[The data — start]
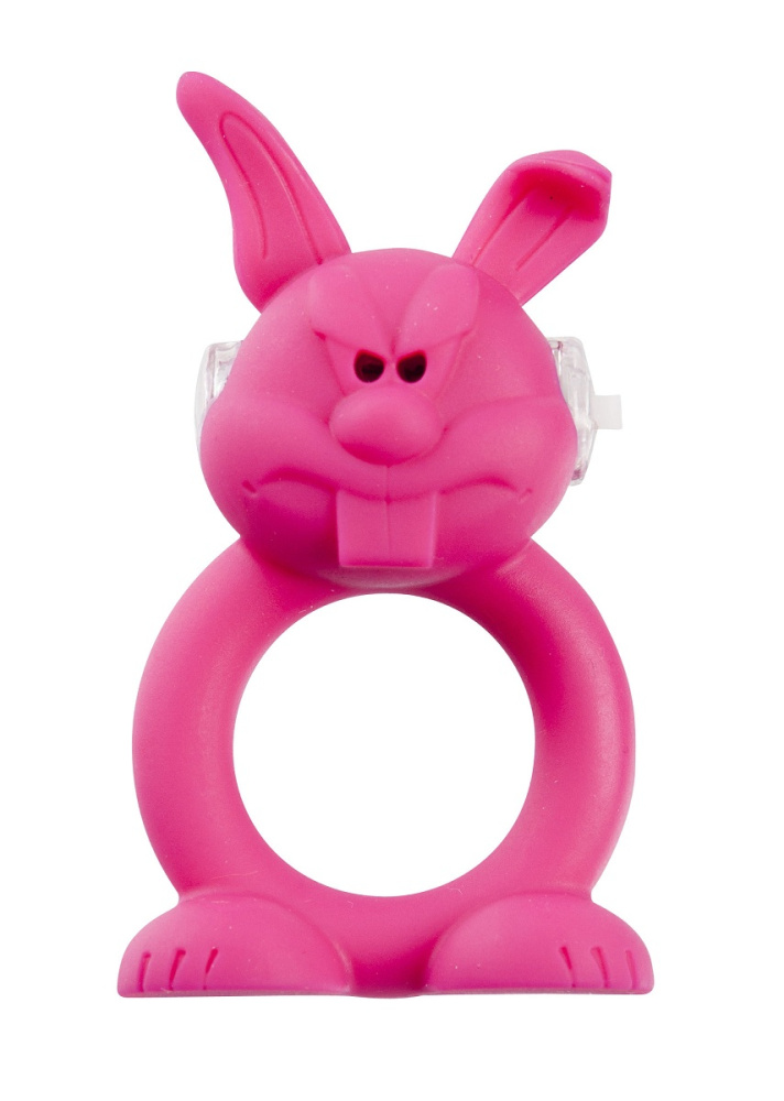 Виброкольцо на пенис с клиторальным стимулятором в виде зайца. Во время вибрации загораются красные глаза зверя. Работает от 2 дисковых батареек (входят в комплект).
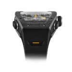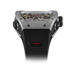 كما أنه يُضفي لمسةً مميزةً على التفاعل المذهل بين القوام والمواد والمعالجات والتشطيبات التي تُضفي لمسةً فنيةً على حركةٍ تُجسّد تحفةً فنيةً في عالم صناعة الساعات الديناميكية، مع لمساتٍ إضافية مُصممةٍ لاستحضار أسطح وتباينات وحدات فيراري، مثل أغطية محركاتها وكتلها المصبوبة بالرمل.
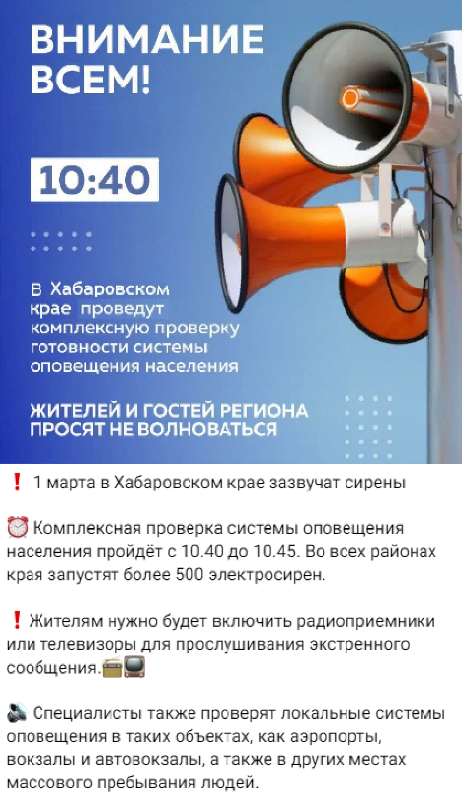Жителям нужно будет включить радиоприемники или телевизоры для прослушивания экстренного сообщения. Специалисты также проверят локальные системы оповещения в таких объектах, как аэропорты, вокзалы и автовокзалы, а также в других местах массового пребывания людей.
[The data — finish]
__Exercise goal__: The listing above must be restated word for word. Its pictures are to be left out.

__Problem solution__:
 Виброкольцо на пенис с клиторальным стимулятором в виде зайца. Во время вибрации загораются красные глаза зверя. Работает от 2 дисковых батареек (входят в комплект).
 كما أنه يُضفي لمسةً مميزةً على التفاعل المذهل بين القوام والمواد والمعالجات والتشطيبات التي تُضفي لمسةً فنيةً على حركةٍ تُجسّد تحفةً فنيةً في عالم صناعة الساعات الديناميكية، مع لمساتٍ إضافية مُصممةٍ لاستحضار أسطح وتباينات وحدات فيراري، مثل أغطية محركاتها وكتلها المصبوبة بالرمل.
Жителям нужно будет включить радиоприемники или телевизоры для прослушивания экстренного сообщения. Специалисты также проверят локальные системы оповещения в таких объектах, как аэропорты, вокзалы и автовокзалы, а также в других местах массового пребывания людей.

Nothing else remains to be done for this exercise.